EXTRACTED INFORMATION:
--------------------------------

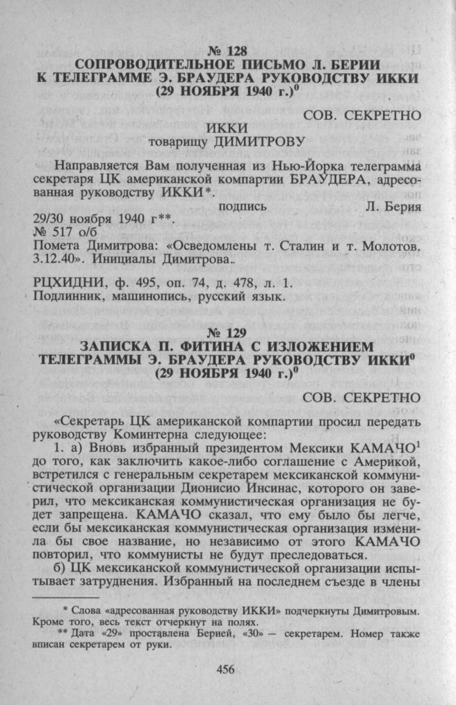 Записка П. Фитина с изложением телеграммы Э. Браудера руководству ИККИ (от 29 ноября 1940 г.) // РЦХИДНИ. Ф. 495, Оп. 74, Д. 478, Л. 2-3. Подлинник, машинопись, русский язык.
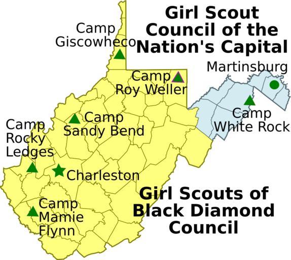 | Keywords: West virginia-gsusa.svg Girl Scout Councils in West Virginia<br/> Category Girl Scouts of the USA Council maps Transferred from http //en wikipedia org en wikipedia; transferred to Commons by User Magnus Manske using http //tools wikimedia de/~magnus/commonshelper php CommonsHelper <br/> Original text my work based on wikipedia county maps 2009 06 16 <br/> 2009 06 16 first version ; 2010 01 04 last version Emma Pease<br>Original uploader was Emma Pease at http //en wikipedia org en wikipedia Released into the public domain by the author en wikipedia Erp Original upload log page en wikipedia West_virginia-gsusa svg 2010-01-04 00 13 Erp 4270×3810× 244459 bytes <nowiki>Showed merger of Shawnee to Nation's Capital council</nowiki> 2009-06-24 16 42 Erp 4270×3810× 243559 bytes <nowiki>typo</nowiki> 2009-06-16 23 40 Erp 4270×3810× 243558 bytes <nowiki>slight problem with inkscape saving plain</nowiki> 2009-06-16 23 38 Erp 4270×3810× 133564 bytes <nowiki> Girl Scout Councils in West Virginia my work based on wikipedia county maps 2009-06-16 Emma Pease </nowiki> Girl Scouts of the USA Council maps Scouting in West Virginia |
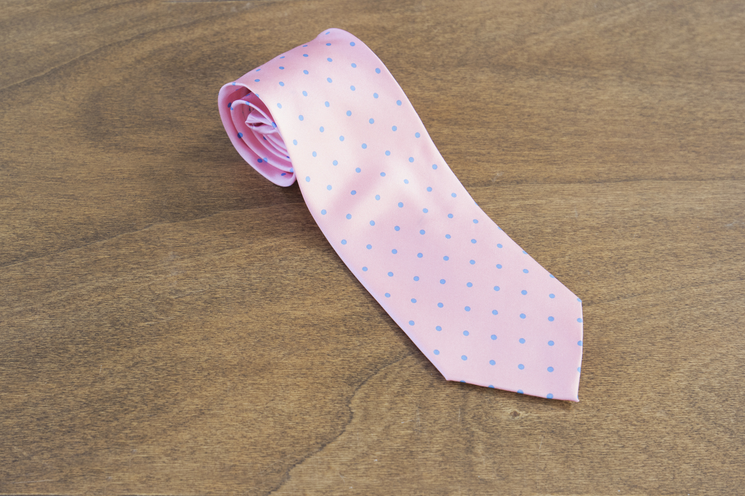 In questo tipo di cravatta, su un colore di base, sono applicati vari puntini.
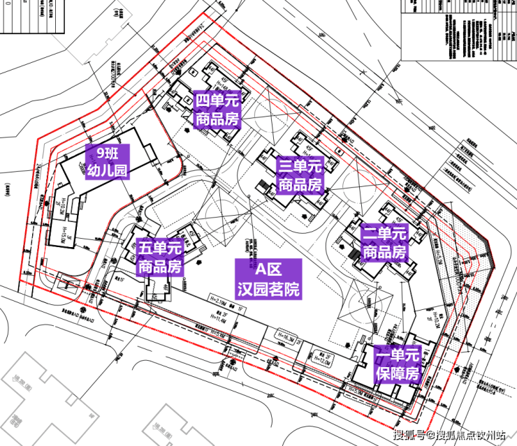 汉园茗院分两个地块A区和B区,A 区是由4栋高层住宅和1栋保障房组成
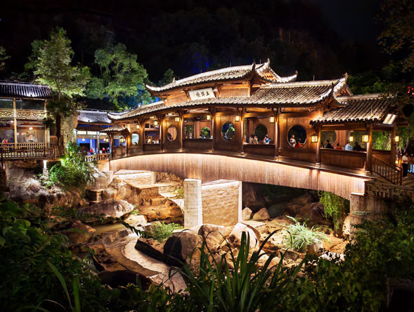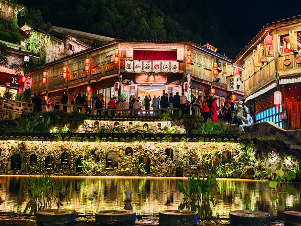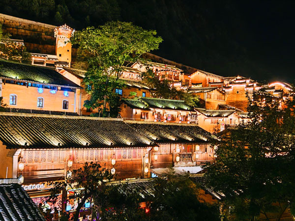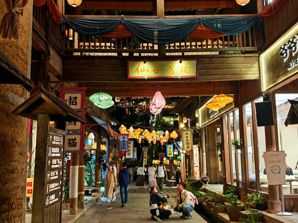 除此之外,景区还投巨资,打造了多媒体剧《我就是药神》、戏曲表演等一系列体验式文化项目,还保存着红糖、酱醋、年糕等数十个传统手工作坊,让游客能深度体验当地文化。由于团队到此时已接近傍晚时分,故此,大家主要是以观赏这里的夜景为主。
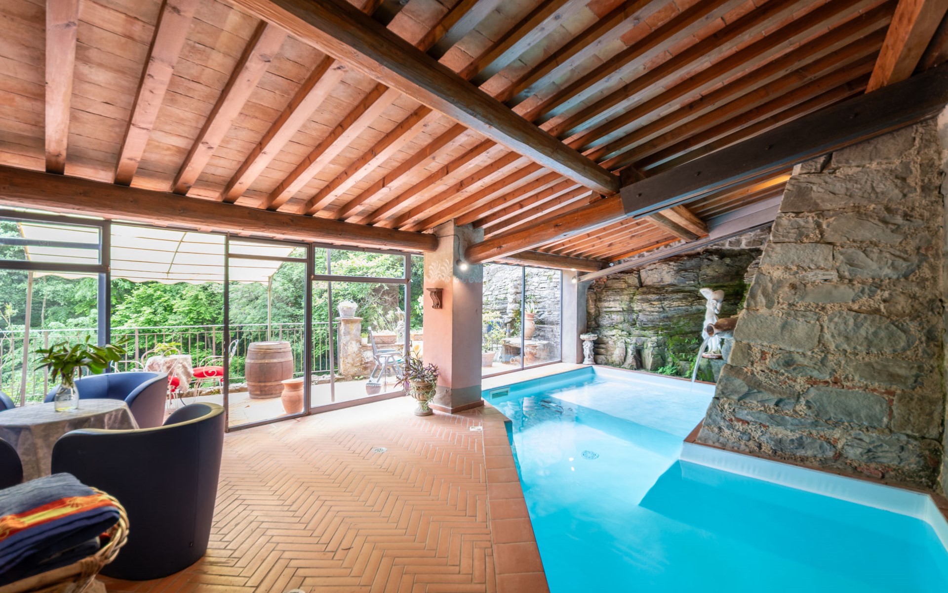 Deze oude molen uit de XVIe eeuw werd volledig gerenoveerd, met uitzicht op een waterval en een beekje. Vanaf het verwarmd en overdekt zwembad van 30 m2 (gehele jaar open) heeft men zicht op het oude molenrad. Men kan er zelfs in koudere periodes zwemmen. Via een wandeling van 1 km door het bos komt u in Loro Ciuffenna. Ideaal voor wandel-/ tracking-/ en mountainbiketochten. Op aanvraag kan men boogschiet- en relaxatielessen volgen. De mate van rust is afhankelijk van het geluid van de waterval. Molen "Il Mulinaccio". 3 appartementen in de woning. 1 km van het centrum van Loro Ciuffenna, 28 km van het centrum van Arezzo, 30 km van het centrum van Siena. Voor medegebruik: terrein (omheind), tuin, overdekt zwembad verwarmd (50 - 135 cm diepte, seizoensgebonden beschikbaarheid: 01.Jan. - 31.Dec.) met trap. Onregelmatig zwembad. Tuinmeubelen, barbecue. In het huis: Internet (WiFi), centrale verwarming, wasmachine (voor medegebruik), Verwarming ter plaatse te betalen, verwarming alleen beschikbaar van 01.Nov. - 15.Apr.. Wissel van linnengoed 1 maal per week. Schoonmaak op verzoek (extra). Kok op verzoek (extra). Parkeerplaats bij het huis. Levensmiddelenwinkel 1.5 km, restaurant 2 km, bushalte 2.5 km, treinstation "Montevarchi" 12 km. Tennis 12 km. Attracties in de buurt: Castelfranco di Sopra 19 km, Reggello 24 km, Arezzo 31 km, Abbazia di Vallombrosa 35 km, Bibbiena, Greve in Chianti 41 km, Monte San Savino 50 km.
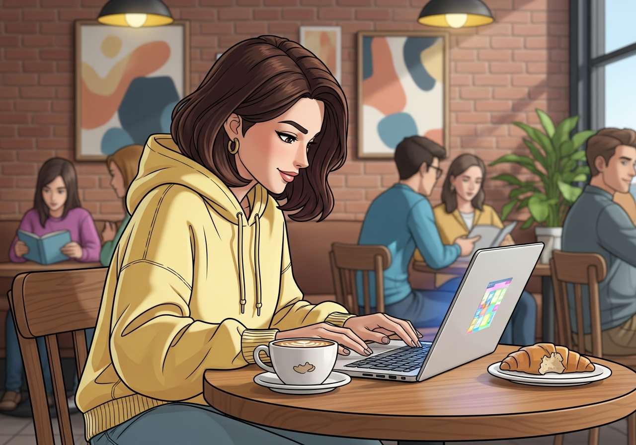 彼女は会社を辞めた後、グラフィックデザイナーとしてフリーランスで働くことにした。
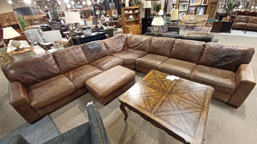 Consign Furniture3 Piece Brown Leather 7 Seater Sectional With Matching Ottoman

--------------------------------

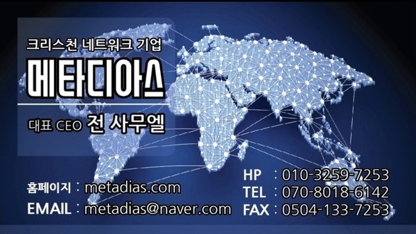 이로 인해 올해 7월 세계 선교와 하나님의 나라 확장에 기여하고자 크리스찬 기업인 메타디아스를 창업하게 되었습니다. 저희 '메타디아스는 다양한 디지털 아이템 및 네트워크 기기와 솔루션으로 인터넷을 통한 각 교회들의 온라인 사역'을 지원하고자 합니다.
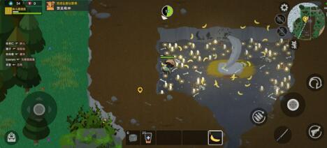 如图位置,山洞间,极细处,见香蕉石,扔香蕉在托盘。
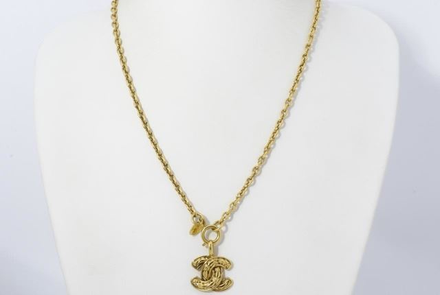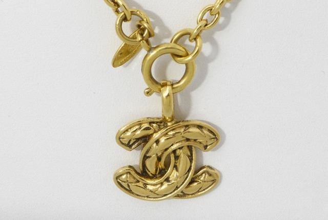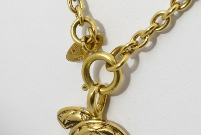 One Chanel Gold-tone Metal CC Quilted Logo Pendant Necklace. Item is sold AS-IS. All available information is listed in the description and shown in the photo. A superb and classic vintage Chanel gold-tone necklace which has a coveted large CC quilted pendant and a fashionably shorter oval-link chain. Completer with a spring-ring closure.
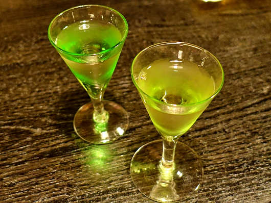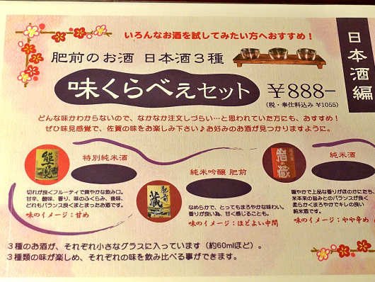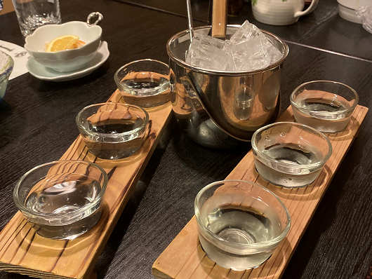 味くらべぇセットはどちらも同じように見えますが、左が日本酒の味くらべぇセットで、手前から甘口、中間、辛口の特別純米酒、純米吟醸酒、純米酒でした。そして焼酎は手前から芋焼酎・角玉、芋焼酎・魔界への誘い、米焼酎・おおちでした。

--------------------------------

EXERCISE DETAILS: Only the lines of the listing above from the one with "汉园茗院分两个地块A区和B区,A 区是由4栋高层住宅和1栋保障房组成" through the one with "除此之外,景区还投巨资,打造" should be output, exactly, with both ends kept and pictures left out.

ANSWER:
 汉园茗院分两个地块A区和B区,A 区是由4栋高层住宅和1栋保障房组成
 除此之外,景区还投巨资,打造了多媒体剧《我就是药神》、戏曲表演等一系列体验式文化项目,还保存着红糖、酱醋、年糕等数十个传统手工作坊,让游客能深度体验当地文化。由于团队到此时已接近傍晚时分,故此,大家主要是以观赏这里的夜景为主。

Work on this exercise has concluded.